Every resource ships with a streamed CSV export, disabled by default. It is not an action — it streams a file and opens in a new tab — so it is enabled through the policy rather than declared with action :export_csv. The route (GET /<resources>/export_csv) is auto-mounted on every resource; a split "Export" button appears on the index page once the policy permits it.

Enabling

Override one policy method:

ruby
class PostPolicy < ResourcePolicy
  def export_csv? = true   # or `index?` to mirror list access
end

export_csv? defaults to false, so export is strictly opt-in.

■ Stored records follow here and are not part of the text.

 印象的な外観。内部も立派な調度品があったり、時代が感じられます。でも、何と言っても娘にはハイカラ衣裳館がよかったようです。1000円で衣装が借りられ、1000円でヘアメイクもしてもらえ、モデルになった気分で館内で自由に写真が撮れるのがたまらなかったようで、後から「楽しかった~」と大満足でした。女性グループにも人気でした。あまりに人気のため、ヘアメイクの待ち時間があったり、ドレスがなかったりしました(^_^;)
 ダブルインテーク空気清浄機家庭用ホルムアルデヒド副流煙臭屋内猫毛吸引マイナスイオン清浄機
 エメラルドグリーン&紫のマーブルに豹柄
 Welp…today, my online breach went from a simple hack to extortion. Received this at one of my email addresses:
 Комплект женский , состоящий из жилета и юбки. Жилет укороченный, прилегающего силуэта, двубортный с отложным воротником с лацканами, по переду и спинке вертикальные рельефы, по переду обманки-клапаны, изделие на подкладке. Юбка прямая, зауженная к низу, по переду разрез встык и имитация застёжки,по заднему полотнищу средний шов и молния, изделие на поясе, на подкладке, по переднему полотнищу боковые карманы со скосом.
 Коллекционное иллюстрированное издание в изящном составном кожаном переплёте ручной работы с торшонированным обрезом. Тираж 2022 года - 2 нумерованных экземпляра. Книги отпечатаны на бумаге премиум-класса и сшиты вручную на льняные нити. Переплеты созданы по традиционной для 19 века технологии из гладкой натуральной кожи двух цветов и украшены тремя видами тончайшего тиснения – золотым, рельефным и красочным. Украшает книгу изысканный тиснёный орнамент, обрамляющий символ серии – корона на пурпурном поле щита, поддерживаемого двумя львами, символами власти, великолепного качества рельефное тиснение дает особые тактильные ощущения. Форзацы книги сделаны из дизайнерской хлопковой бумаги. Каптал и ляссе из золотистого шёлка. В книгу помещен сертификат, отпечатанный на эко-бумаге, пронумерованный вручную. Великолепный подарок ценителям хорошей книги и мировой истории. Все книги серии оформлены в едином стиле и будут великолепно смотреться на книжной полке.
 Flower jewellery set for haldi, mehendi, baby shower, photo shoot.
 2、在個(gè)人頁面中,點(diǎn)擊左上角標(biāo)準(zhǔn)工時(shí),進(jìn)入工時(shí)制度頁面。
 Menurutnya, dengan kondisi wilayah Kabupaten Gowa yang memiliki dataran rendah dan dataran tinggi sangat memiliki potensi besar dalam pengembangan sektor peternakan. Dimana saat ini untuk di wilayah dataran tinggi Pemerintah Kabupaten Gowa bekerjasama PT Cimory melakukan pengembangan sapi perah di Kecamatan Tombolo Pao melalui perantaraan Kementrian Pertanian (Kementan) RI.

While it returns false the button is hidden and the route returns 403.

The two exports

The control is a split button with two behaviours:

SourceFilename
Export (primary)The current view — selected scope + filters + search (the index's ?q), all matching rows (not just the visible page)posts_<date>.csv
Export all (dropdown)The entire authorized scope — ignores scope, filters, search, and default scopeposts_all_<date>.csv

"Export all" always exports everything the user is authorized to read, regardless of the current scope/filters.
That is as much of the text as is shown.